Mad cow disease: a computational model reveals the mechanism of replication of prions

Prions are unusual infectious agents made by aberrantly folded forms of a physiological protein called the cellular prion protein, or PrPC. Credit: Spagnolli Rigoli

An article published in the journal PLOS Pathogens reports a realistic computational model for the structure and mechanism of replication of prions, infectious agents responsible for mad cow disease and other neurodegenerative disorders of human and animals.

The study was carried out in the Dulbecco Telethon Laboratory of Prions & Amyloids at CIBIO, led by Emiliano Biasini, University of Trento, and involved the team led by Prof. Pietro Faccioli, a physicist from the same university and affiliated with the Italian National Institute of Nuclear Physics.

Prions are unusual infectious agents made by aberrantly folded forms of a physiological protein called the cellular prion protein, or PrPC. These pathogens are known to replicate in absence of genetic material by recruiting normal PrPC molecules at the surface of cells and forcing them to change conformation and become infectious themselves. The resulting accumulation of prion particles in the nervous system lies at the root of neurodegenerative conditions known as transmissible spongiform encephalopathies, including Creutzfeldt-Jakob disease, fatal familial insomnia and Gerstmann-Sträussler-Scheinker in humans; a variety of other pathologies occur in mammals, including mad cow disease, which, in the 1990s, caused widespread epidemics in the U.K. and Europe, and several cases of cross-species transmission to humans caused by the ingestion of infected meat.

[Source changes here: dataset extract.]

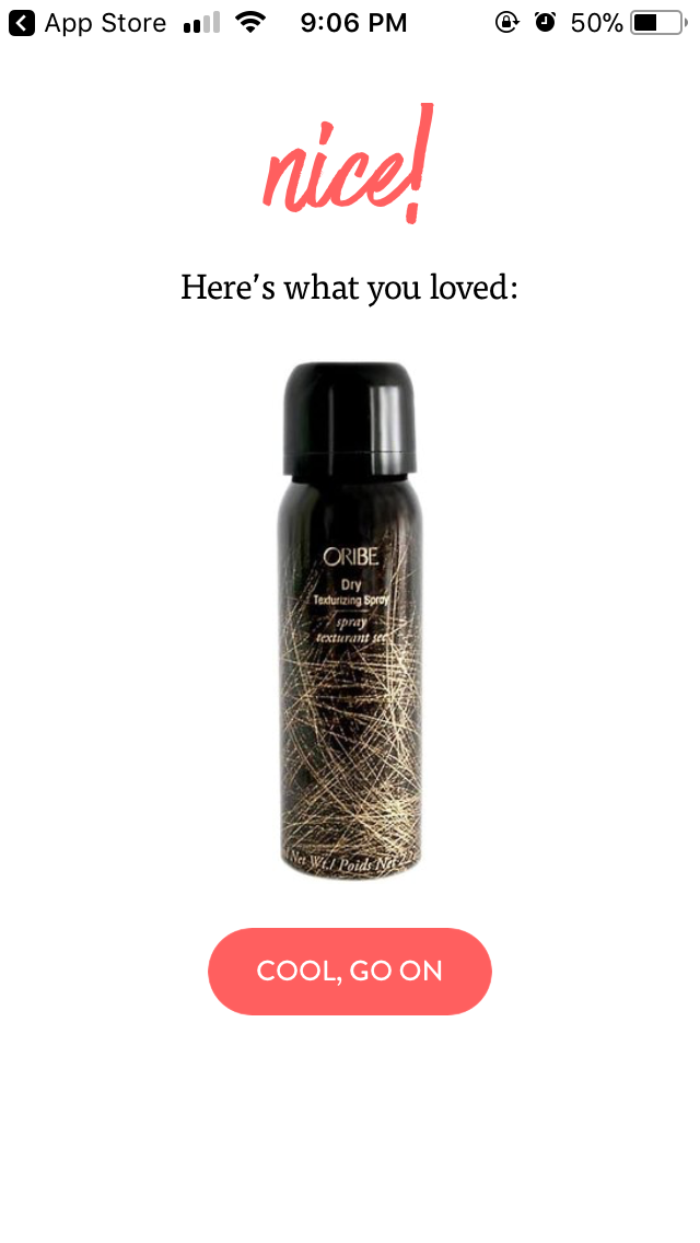 My favorite feature on MiaMia is their huge catalog of products! I’m always looking for new beauty products to try, but sometimes it seems like there are so many out there that it’s overwhelming and I end up finding nothing. I like that, with this app, I can find looks that I like that others have created, as well as the products they used to make that look. Then it’s easy to save that product to my Loves for future reference. You can also click “Buy” and you’ll be redirected to a place where you can purchase the product. For example, I added the Oribe Dry Texturizing Spray to my Loves and when I clicked “Buy” the app took me to Barney’s to purchase.

“Even though scientists have known the existence of prions since 1982, thanks to the work of Nobel laureate Stanley Prusiner, direct information regarding the structure of these non-canonical infectious agents is still lacking,” says Emiliano Biasini, associate professor at the Department CIBIO, University of Trento. “In fact, their insoluble and aggregated nature hampers the use of classical high-resolution techniques for studying protein structures such as X-ray crystallography or nuclear magnetic resonance. However, such information is instrumental to rationally design drugs against these agents. In an attempt to fill this gap, we found unexpected help from a discipline usually considered far away from biology or chemistry, that is particles physics.”

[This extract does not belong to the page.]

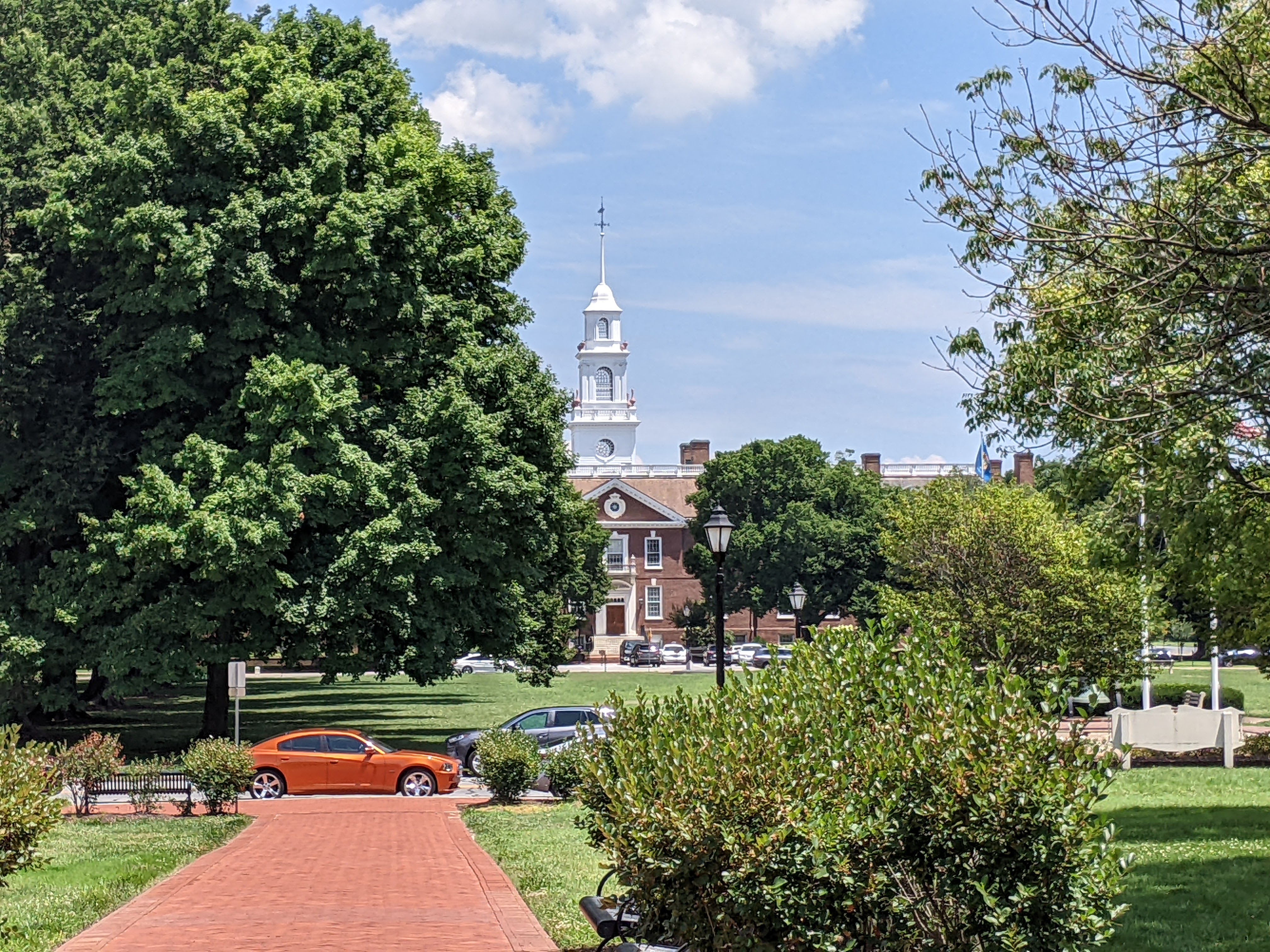 Delaware is definitely proud of being the first state. The reminders are everywhere: on their license plates, street signs, restaurants and hotels. Not knowing much about the state Bob and I decided to make the short drive up to Dover and check out the capital. William Penn’s surveyors laid out the city in 1711. There were two main original sites that are on the Green, which is the lovely historic square in the center of the town. The first was the Meeting House for the “Dissenters” (the Presbyterians) and the second was the Church Square, reserved for the Church of England. (The Meeting House is today the State of Delaware Museum.) I particularly enjoyed moseying through the old churchyard at Christ Episcopal Church. This is the church where Caesar Rodney, a signer of the Declaration of Independence, worshipped. The city has a much slower vib about it with a population of only about 37,000 but because of its location between large metropolitan centers, there still was plenty of traffic. It was a hot and humid day so we didn’t wander too much. But I felt a definite sense of awe as I thought about the people who had once strolled here and the conversations they had.

The video shows the mechanism by which the aggregated and infectious form of the prion protein (red) induces its physiological counterpart (blue) to change conformation. Once the normal form is completely changed, it becomes part of the infectious particle, and itself promotes the misfolding of another normal protein nearby. Once they reach a certain length, the growing aggregates of prions break into multiple smaller fragments, each capable of recruiting additional normal proteins, producing a chain reaction that leads to the accumulation of aggregated prions into the brain of affected patients. Credit: Pietro Faccioli

Telethon researchers revised previous models of prion structure and proposed a novel architecture consistent with recent experimental data. This new model allowed Pietro Faccioli’s group to apply their innovative algorithms for the reliable prediction of protein conformational transitions to the prion replication mechanism “Cross-disciplinarity has been the key,” explains Giovanni Spagnolli, Ph.D. student at the Department CIBIO, University of Trento, and first author of the paper. “Without the contribution of colleagues from physics, we would have never been able to afford the kind of calculation required to simulate such complex systems. For the first time, we have reconstructed a physically plausible mechanism of prion replication, which now allow us to formulate new hypotheses and design new drug discovery schemes to tackle the neurodegenerative processes unleashed by these infectious agents.”

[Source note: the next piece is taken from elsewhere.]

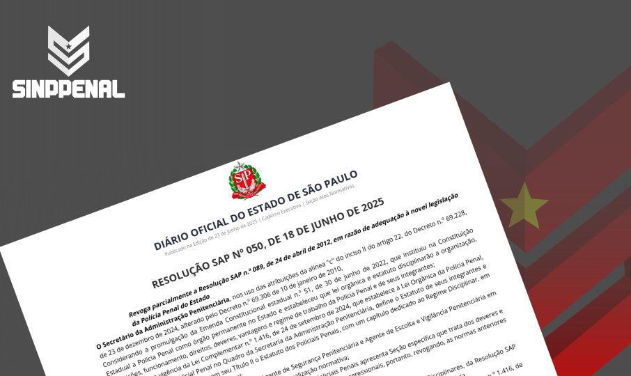 Resolução da Secretaria de Administração Penitenciária nº 050, de 18 de junho de 2025, revoga partes da Resolução SAP nº 089/2012, que se adequa à nova legislação em vigor da Polícia Penal do Estado de São Paulo. Especificamente, foram revogadas as seções VII e VIII que dizem respeito às transgressões disciplinares dos policiais penais. A seção VII trata dos direitos e deveres, enquanto que a seção VIII diz respeito às transgressões disciplinares previstas no ato de 2012.

“The calculation algorithms that allowed the reconstruction of prion replication are derived from mathematical methods of theoretical physics, originally formulated to study phenomena of the subatomic world, such as the quantum tunneling effect. These mathematical methods have been adapted here to allow the simulation of complex biomolecular processes such as the folding and aggregation of proteins,” says Pietro Faccioli, associate professor at the Department of Physics, University of Trento, and affiliated to the Italian National Institute for Nuclear Physics.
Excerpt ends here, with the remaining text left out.